Cis-regulatory elements in the promoter regions of the RsbHLH genes. Different cis-regulatory elements are represented with different colored boxes, which are placed at the top on the right. The element size is estimated by the scale at the bottom

Analysis of GO enrichment and expression

To predict the potential biological functions, the GO enrichment analysis was performed by WEGO to show three aspects of functional classifications, namely, cellular component, molecular function, and biological process (Fig. 8).
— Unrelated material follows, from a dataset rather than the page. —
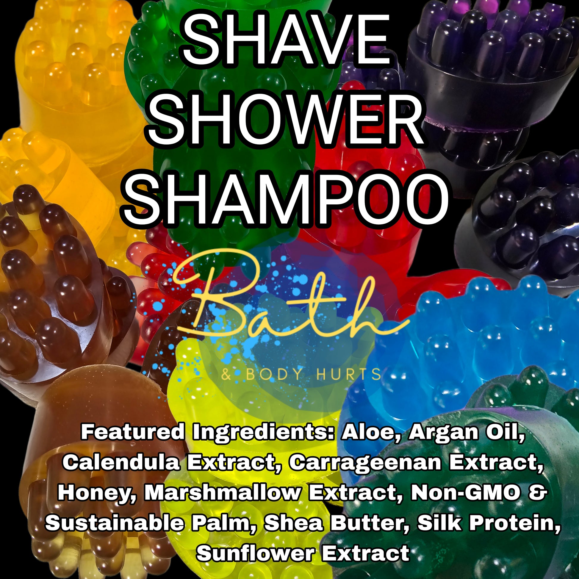 Shave, Shower, Shampoo solid Glycerine Bar.
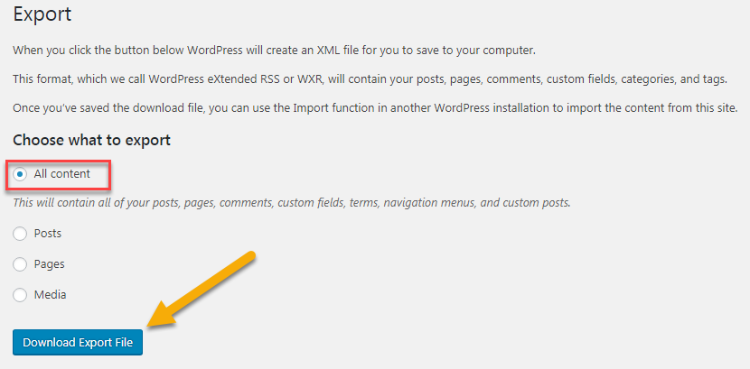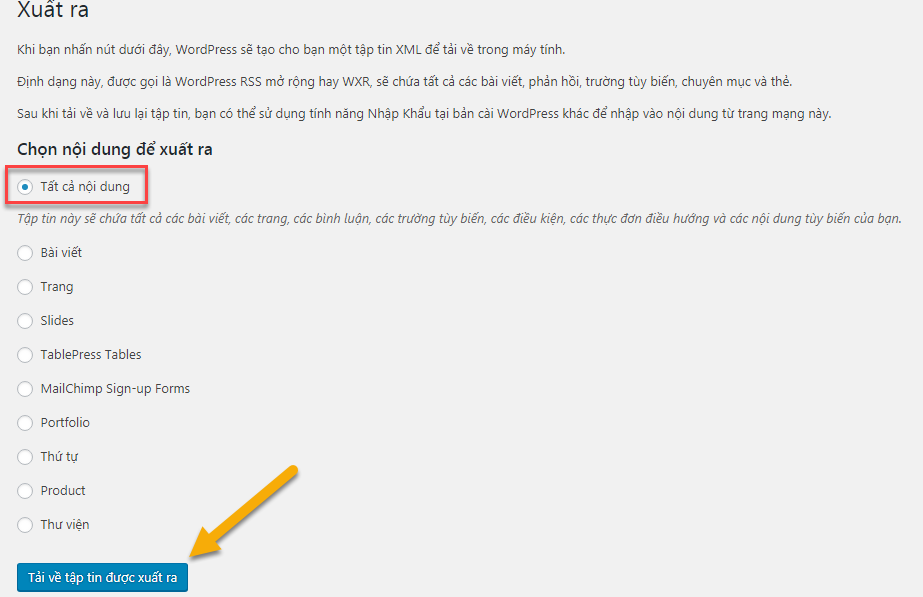 Ở khu vực chọn lựa xuất ra, bạn chọn tất cả, để WordPress xuất tất cả dữ liệu liên quan đến website (bao gồm tất cả bài viết, trang, comment, chuyên mục và thẻ…):

Among the 213 RsbHLH genes, 207 RsbHLH genes were enriched in the biological process, and most of these RsbHLHs mainly participated in “metabolic process” (such as “primary metabolic process” and “biosynthetic process”), and “biological regulation” (such as “regulation of metabolic process” and “regulation of cellular process”). Additionally, 85 RsbHLHs, 74 RsbHLHs and 72 RsbHLHs were involved in “response to stimulus”, “developmental process”, and “multicellular organismal process”, respectively. The “response to stimulus” was mainly associated with “response to abiotic stimulus” (cold, salt, light, etc.) and “response to chemical” (gibberellin, abscisic acid, jasmonic acid, etc.), which was consistent with the previous promoter element analysis. The “developmental process” involved mainly in “anatomical structure development” (fruit development, flower development, carpel development, etc.). The “multicellular organismal process” contained mainly photomorphogenesis, guard cell differentiation, root hair initiation and so on. In summary, RsbHLHs could play an important role in the growth and development of radish.

Fig. 8
figure 8

The GO annotation of RsbHLH genes. All annotated GO terms include cellular component, molecular function and biological process. The y axis indicates the number of genes

A comparative RNA-seq analysis between the green-fleshed radish (GF) and white-fleshed radish (WF) was made to study the expression patterns of 213 RsbHLHs at five growth stages. The RsbHLH genes with FPKM < 1 at all five stages in GF and WF were regarded as unexpressed genes, so only 119 RsbHLH genes were carried on expression analysis. The expression patterns of these 119RsbHLHs among five stages varied greatly (Fig. 9). For example, whether GF or WF, some RsbHLHs were stably expressed at five stages, such as RsbHLH29. Additionally, whether GF or WF, RsbHLH105 and RsbHLH154 were only highly expressed at the stage 3. For RsbHLH36, it had always been highly expressed at five stages in GF, while always lowly expressed at five stages in WF. Reversely, RsbHLH140 had always been highly expressed at five stages in WF, while always lowly expressed at five stages in GF. For RsbHLH130, it only had a relatively high expression at the stage 3 of WF. The various expression patterns of RsbHLHs among five stages suggested that the bHLH members may play a vital role in the entire growth and development of radish taproot. The differentially expressed gene (DEG) analysis revealed that there were 19, 16, 22, 18, 13 differentially expressed RsbHLHs between GF and WF at stage 1 to stage 5, respectively (Additional file 6). Four RsbHLHs (RsbHLH36, RsbHLH44, RsbHLH69, and RsbHLH140) were differentially expressed genes shared by the five stages. The differential expression of RsbHLHs may lead to the differences in traits between green-fleshed radish and white-fleshed radish.

Fig. 9
figure 9

Expression patterns of RsbHLH genes at five development stages of GF and WF. GF indicates the green-fleshed radish ‘Cuishuai’; WF indicates the white-fleshed radish ‘Zhedachang’. The colour scale is shown at the right top. Higher expression level is in red, while lower expression level is in blue

To demonstrate the accuracy and reproducibility of the transcriptome data, fifteen RsbHLH genes were selected to analyze the transcript abundance by qRT-PCR. The results showed that the expression trends of these fifteen genes detected by qRT-PCR in the fifth stage were in line with the RNA-Seq results (Additional files 7 and  8). Therefore, the reliability of the transcriptome data was confirmed.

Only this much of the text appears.